*Work request:*
With the pictures left out, copy the listing below exactly.

*Source records:*
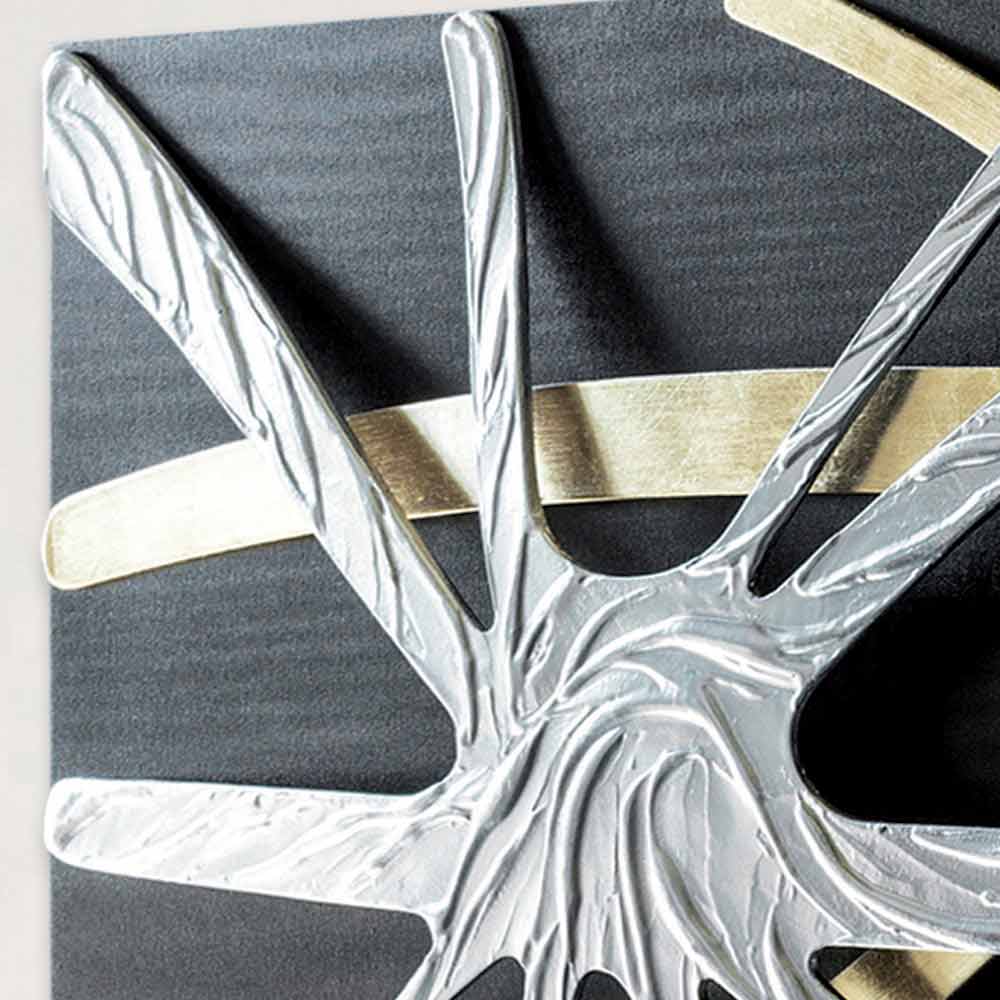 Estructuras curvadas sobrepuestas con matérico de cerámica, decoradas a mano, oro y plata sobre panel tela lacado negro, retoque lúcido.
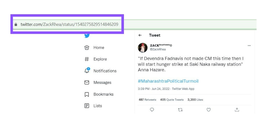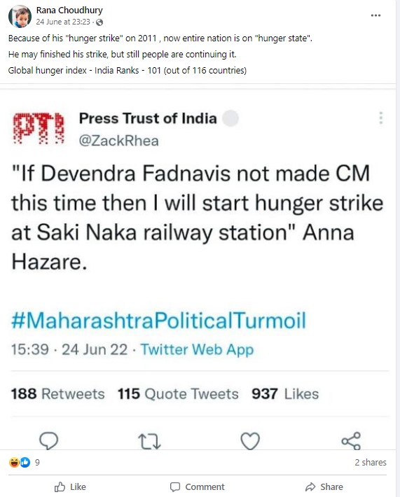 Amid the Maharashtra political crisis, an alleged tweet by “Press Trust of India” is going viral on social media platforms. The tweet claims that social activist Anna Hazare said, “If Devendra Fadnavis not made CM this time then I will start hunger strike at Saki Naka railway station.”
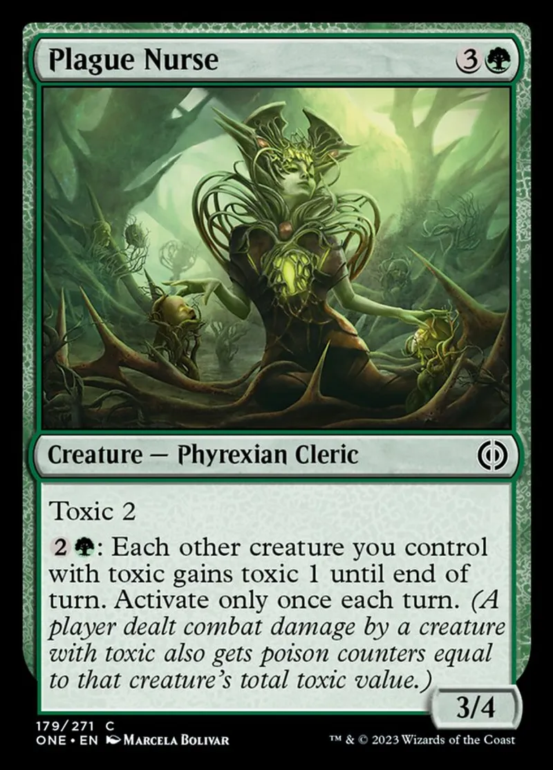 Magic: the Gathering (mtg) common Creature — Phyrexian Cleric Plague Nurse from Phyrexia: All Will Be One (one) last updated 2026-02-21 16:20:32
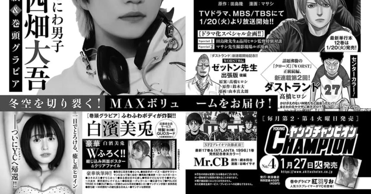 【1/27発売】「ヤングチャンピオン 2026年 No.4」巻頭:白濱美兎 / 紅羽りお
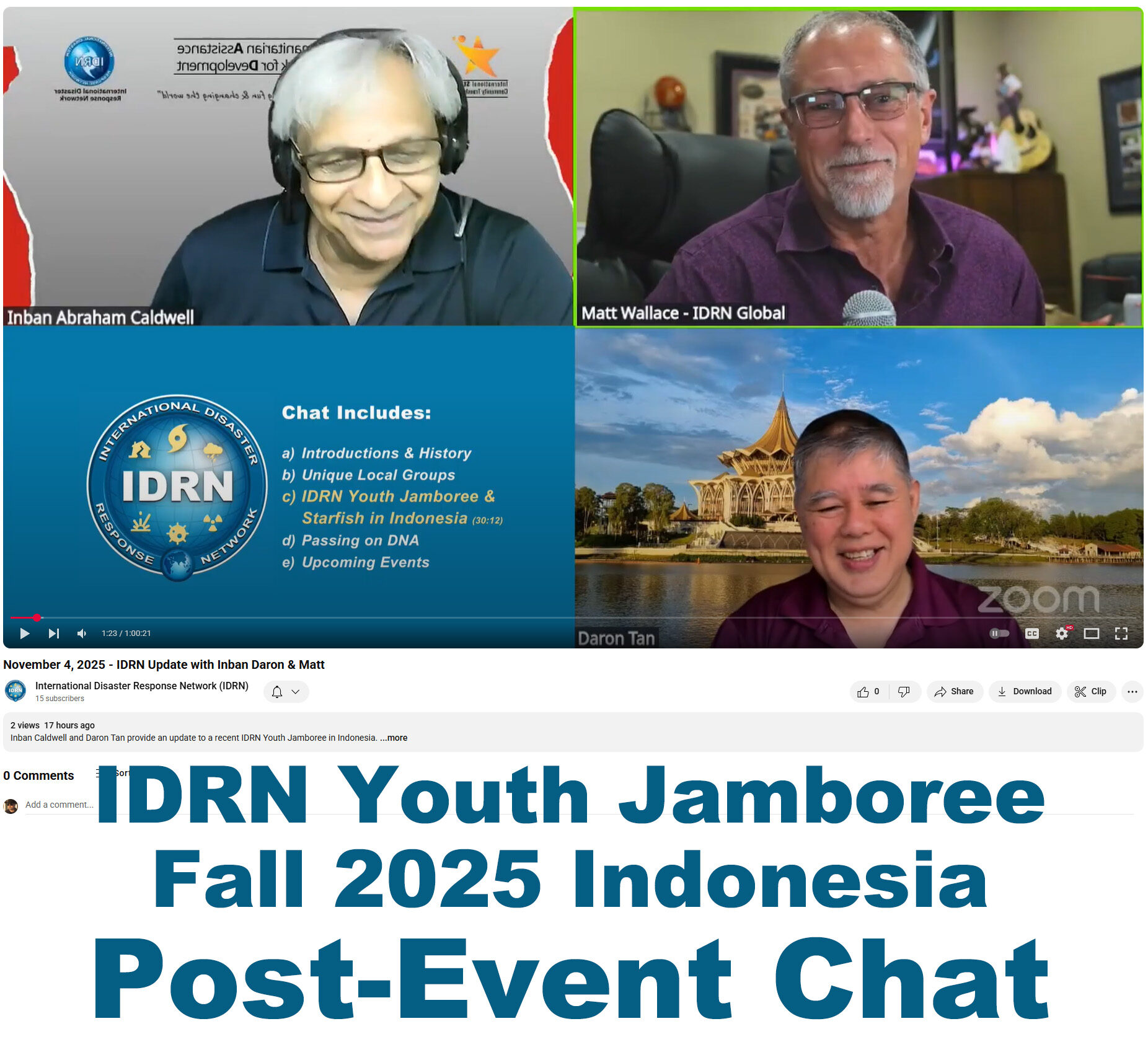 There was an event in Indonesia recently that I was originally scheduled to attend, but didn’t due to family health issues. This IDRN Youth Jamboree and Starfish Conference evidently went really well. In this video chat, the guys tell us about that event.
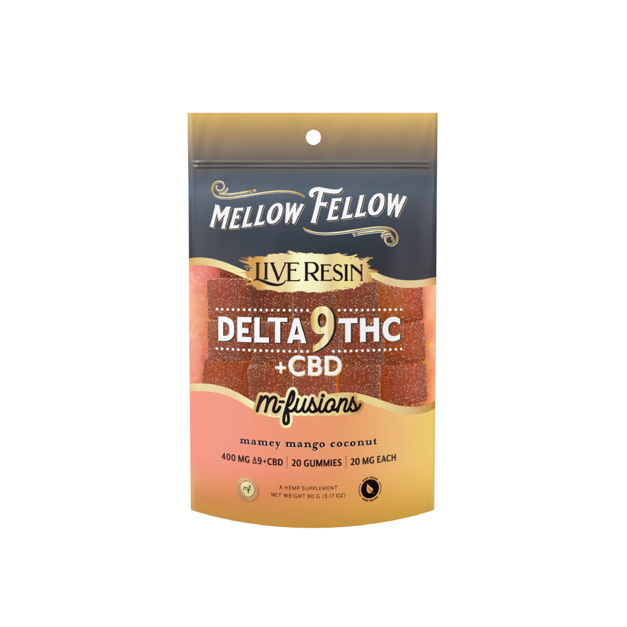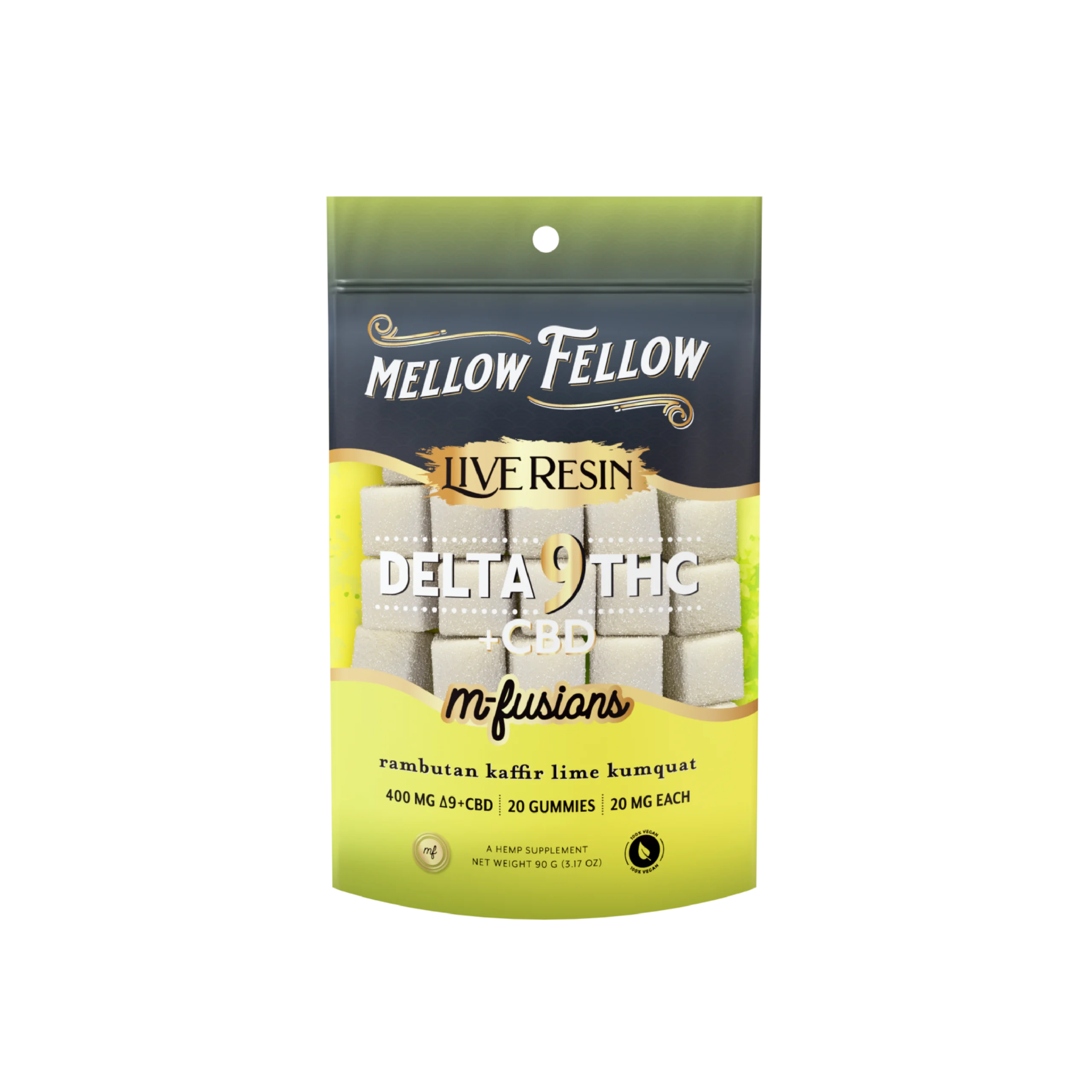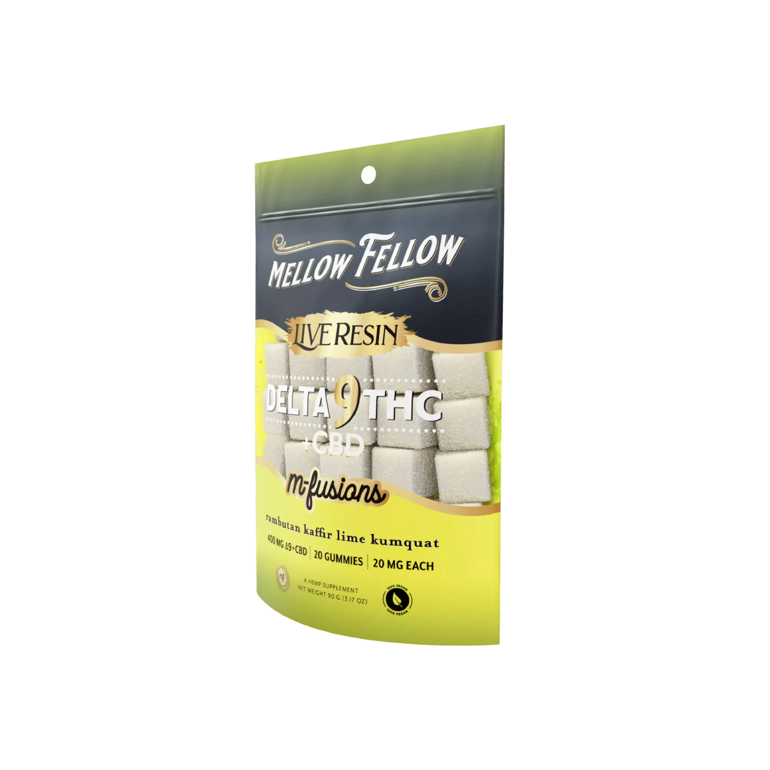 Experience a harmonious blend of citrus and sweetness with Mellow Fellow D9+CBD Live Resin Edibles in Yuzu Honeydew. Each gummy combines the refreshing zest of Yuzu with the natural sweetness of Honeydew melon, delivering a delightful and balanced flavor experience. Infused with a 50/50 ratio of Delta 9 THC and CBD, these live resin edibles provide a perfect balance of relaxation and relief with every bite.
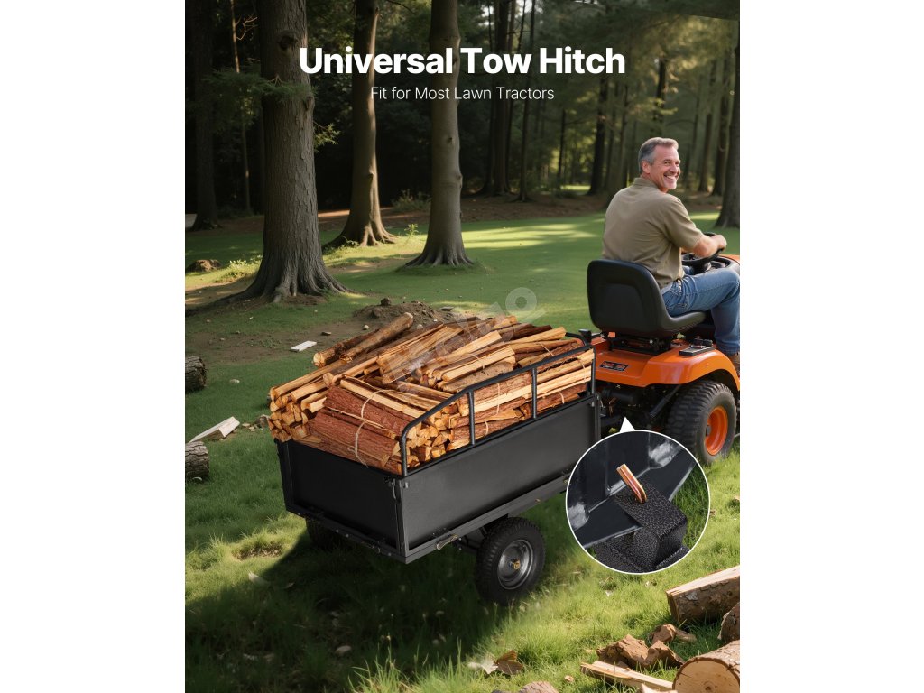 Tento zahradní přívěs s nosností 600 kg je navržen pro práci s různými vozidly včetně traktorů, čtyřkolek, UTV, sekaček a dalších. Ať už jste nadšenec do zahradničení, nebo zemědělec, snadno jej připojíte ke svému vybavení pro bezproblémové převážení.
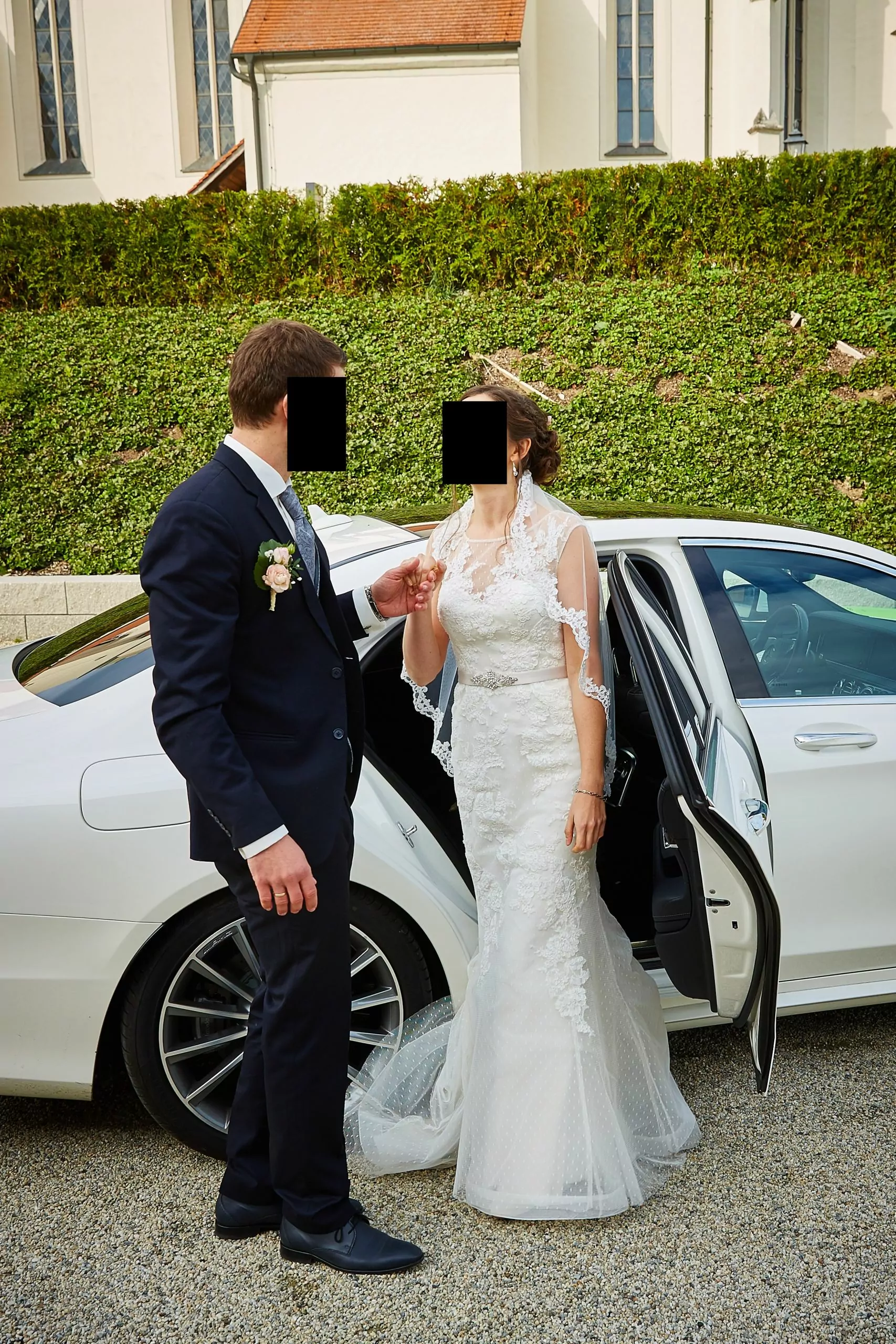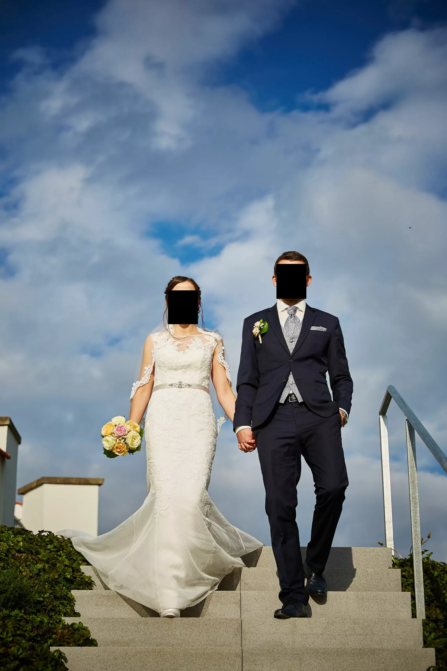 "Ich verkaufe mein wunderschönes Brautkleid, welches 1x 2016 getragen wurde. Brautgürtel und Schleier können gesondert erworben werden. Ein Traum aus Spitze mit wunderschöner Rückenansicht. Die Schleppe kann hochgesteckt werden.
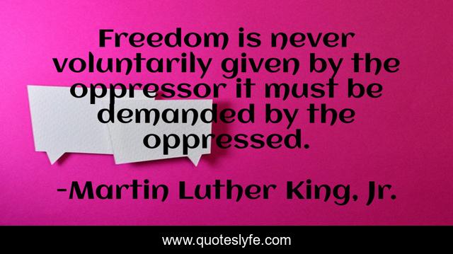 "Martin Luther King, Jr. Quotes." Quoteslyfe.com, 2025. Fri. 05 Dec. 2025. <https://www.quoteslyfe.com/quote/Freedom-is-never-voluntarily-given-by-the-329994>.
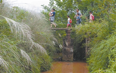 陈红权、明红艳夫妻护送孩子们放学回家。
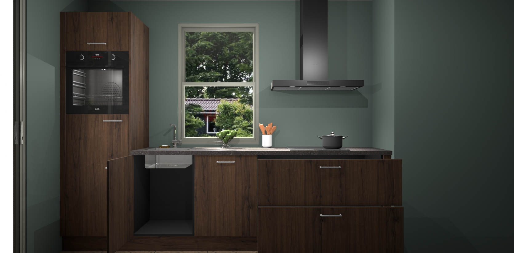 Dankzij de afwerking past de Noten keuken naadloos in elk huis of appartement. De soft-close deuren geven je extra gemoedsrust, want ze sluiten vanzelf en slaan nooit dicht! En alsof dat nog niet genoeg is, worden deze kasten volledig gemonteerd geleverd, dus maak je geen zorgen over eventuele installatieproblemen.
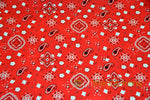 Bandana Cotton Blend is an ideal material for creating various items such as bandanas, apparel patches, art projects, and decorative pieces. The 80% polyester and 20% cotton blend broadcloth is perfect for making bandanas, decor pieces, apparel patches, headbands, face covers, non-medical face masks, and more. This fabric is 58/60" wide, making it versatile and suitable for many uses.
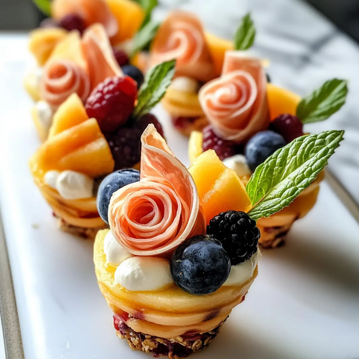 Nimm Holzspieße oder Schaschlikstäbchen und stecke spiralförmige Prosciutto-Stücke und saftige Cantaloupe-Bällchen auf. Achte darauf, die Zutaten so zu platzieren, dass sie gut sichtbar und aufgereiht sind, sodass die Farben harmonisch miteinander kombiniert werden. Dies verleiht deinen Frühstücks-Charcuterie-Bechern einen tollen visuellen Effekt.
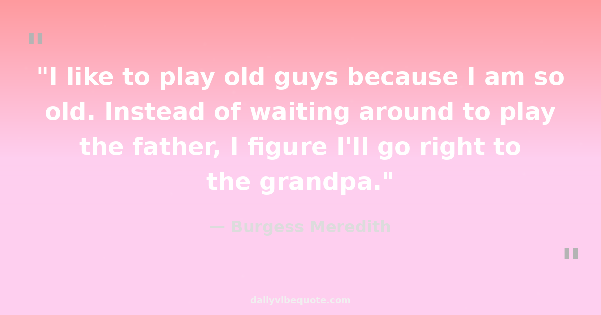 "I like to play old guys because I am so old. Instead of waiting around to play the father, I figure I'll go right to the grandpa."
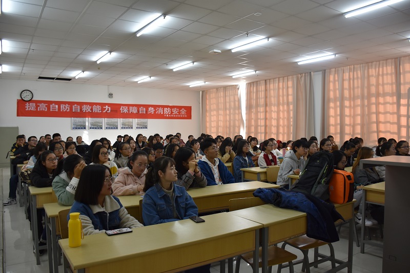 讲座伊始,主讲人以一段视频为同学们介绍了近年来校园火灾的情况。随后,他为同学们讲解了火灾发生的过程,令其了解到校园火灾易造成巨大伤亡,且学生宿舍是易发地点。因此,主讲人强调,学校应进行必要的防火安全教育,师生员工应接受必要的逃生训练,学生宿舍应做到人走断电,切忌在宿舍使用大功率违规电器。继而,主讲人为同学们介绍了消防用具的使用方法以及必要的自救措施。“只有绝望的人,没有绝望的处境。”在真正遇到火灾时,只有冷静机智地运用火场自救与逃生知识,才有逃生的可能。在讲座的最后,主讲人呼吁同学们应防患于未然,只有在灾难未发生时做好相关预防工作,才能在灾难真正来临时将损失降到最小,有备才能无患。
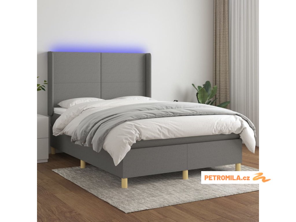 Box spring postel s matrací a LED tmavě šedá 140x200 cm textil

*Task answer:*
 Estructuras curvadas sobrepuestas con matérico de cerámica, decoradas a mano, oro y plata sobre panel tela lacado negro, retoque lúcido.
 Amid the Maharashtra political crisis, an alleged tweet by “Press Trust of India” is going viral on social media platforms. The tweet claims that social activist Anna Hazare said, “If Devendra Fadnavis not made CM this time then I will start hunger strike at Saki Naka railway station.”
 Magic: the Gathering (mtg) common Creature — Phyrexian Cleric Plague Nurse from Phyrexia: All Will Be One (one) last updated 2026-02-21 16:20:32
 【1/27発売】「ヤングチャンピオン 2026年 No.4」巻頭:白濱美兎 / 紅羽りお
 There was an event in Indonesia recently that I was originally scheduled to attend, but didn’t due to family health issues. This IDRN Youth Jamboree and Starfish Conference evidently went really well. In this video chat, the guys tell us about that event.
 Experience a harmonious blend of citrus and sweetness with Mellow Fellow D9+CBD Live Resin Edibles in Yuzu Honeydew. Each gummy combines the refreshing zest of Yuzu with the natural sweetness of Honeydew melon, delivering a delightful and balanced flavor experience. Infused with a 50/50 ratio of Delta 9 THC and CBD, these live resin edibles provide a perfect balance of relaxation and relief with every bite.
 Tento zahradní přívěs s nosností 600 kg je navržen pro práci s různými vozidly včetně traktorů, čtyřkolek, UTV, sekaček a dalších. Ať už jste nadšenec do zahradničení, nebo zemědělec, snadno jej připojíte ke svému vybavení pro bezproblémové převážení.
 "Ich verkaufe mein wunderschönes Brautkleid, welches 1x 2016 getragen wurde. Brautgürtel und Schleier können gesondert erworben werden. Ein Traum aus Spitze mit wunderschöner Rückenansicht. Die Schleppe kann hochgesteckt werden.
 "Martin Luther King, Jr. Quotes." Quoteslyfe.com, 2025. Fri. 05 Dec. 2025. <https://www.quoteslyfe.com/quote/Freedom-is-never-voluntarily-given-by-the-329994>.
 陈红权、明红艳夫妻护送孩子们放学回家。
 Dankzij de afwerking past de Noten keuken naadloos in elk huis of appartement. De soft-close deuren geven je extra gemoedsrust, want ze sluiten vanzelf en slaan nooit dicht! En alsof dat nog niet genoeg is, worden deze kasten volledig gemonteerd geleverd, dus maak je geen zorgen over eventuele installatieproblemen.
 Bandana Cotton Blend is an ideal material for creating various items such as bandanas, apparel patches, art projects, and decorative pieces. The 80% polyester and 20% cotton blend broadcloth is perfect for making bandanas, decor pieces, apparel patches, headbands, face covers, non-medical face masks, and more. This fabric is 58/60" wide, making it versatile and suitable for many uses.
 Nimm Holzspieße oder Schaschlikstäbchen und stecke spiralförmige Prosciutto-Stücke und saftige Cantaloupe-Bällchen auf. Achte darauf, die Zutaten so zu platzieren, dass sie gut sichtbar und aufgereiht sind, sodass die Farben harmonisch miteinander kombiniert werden. Dies verleiht deinen Frühstücks-Charcuterie-Bechern einen tollen visuellen Effekt.
 "I like to play old guys because I am so old. Instead of waiting around to play the father, I figure I'll go right to the grandpa."
 讲座伊始,主讲人以一段视频为同学们介绍了近年来校园火灾的情况。随后,他为同学们讲解了火灾发生的过程,令其了解到校园火灾易造成巨大伤亡,且学生宿舍是易发地点。因此,主讲人强调,学校应进行必要的防火安全教育,师生员工应接受必要的逃生训练,学生宿舍应做到人走断电,切忌在宿舍使用大功率违规电器。继而,主讲人为同学们介绍了消防用具的使用方法以及必要的自救措施。“只有绝望的人,没有绝望的处境。”在真正遇到火灾时,只有冷静机智地运用火场自救与逃生知识,才有逃生的可能。在讲座的最后,主讲人呼吁同学们应防患于未然,只有在灾难未发生时做好相关预防工作,才能在灾难真正来临时将损失降到最小,有备才能无患。
 Box spring postel s matrací a LED tmavě šedá 140x200 cm textil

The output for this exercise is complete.